**What you are asked to do:**
Print exactly the lines below between the line holding "He had addressed" and the line holding "Отраслевая CRM Охотхозяйство, управление", inclusive, and nothing more.

**Supplied entries:**

——

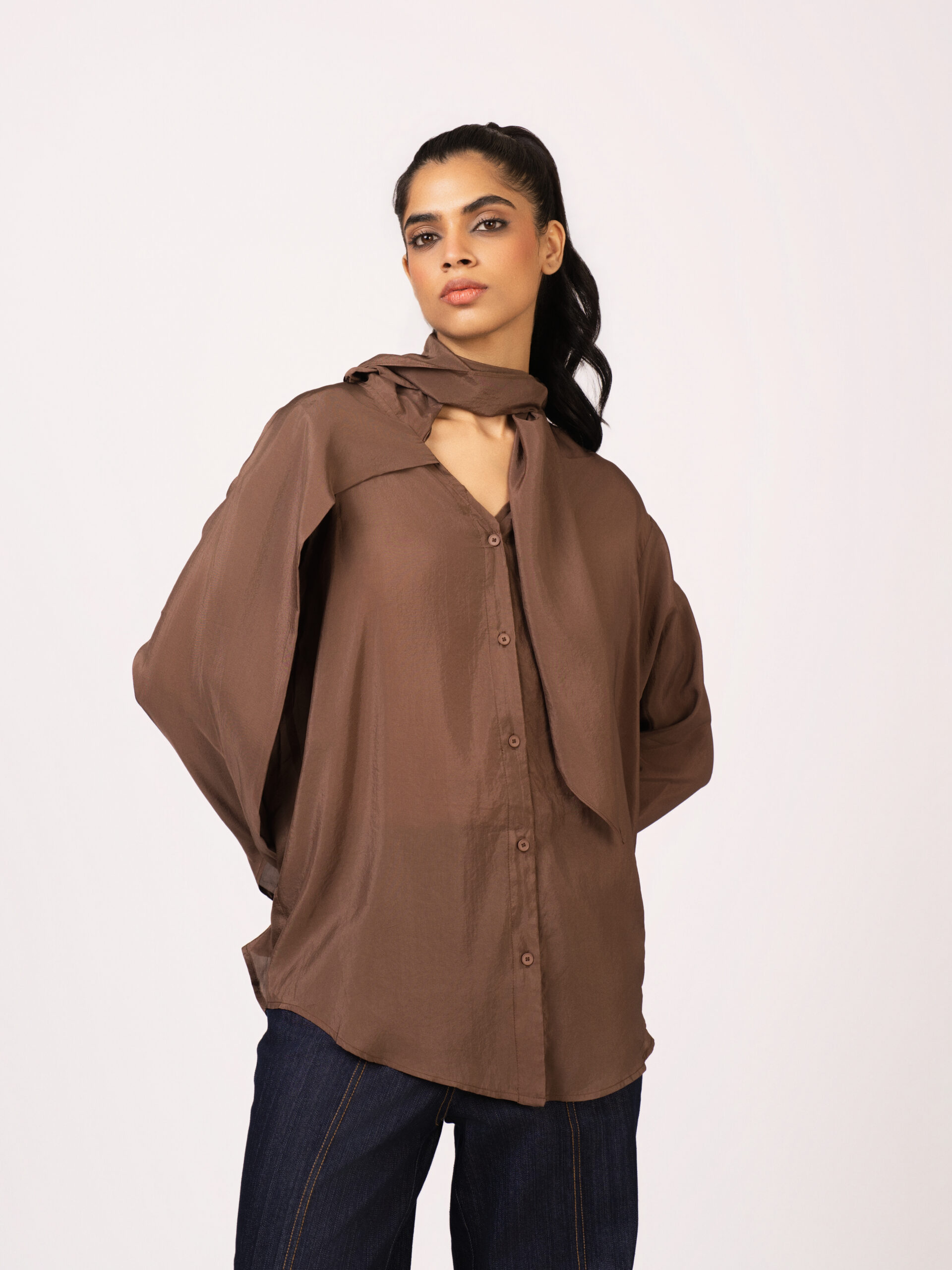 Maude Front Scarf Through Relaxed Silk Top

——

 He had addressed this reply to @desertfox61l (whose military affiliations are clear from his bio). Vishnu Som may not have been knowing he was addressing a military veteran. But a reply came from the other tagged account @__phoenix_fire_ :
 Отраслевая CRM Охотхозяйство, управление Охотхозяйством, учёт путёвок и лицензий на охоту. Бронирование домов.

——

**Output:**
 He had addressed this reply to @desertfox61l (whose military affiliations are clear from his bio). Vishnu Som may not have been knowing he was addressing a military veteran. But a reply came from the other tagged account @__phoenix_fire_ :
 Отраслевая CRM Охотхозяйство, управление Охотхозяйством, учёт путёвок и лицензий на охоту. Бронирование домов.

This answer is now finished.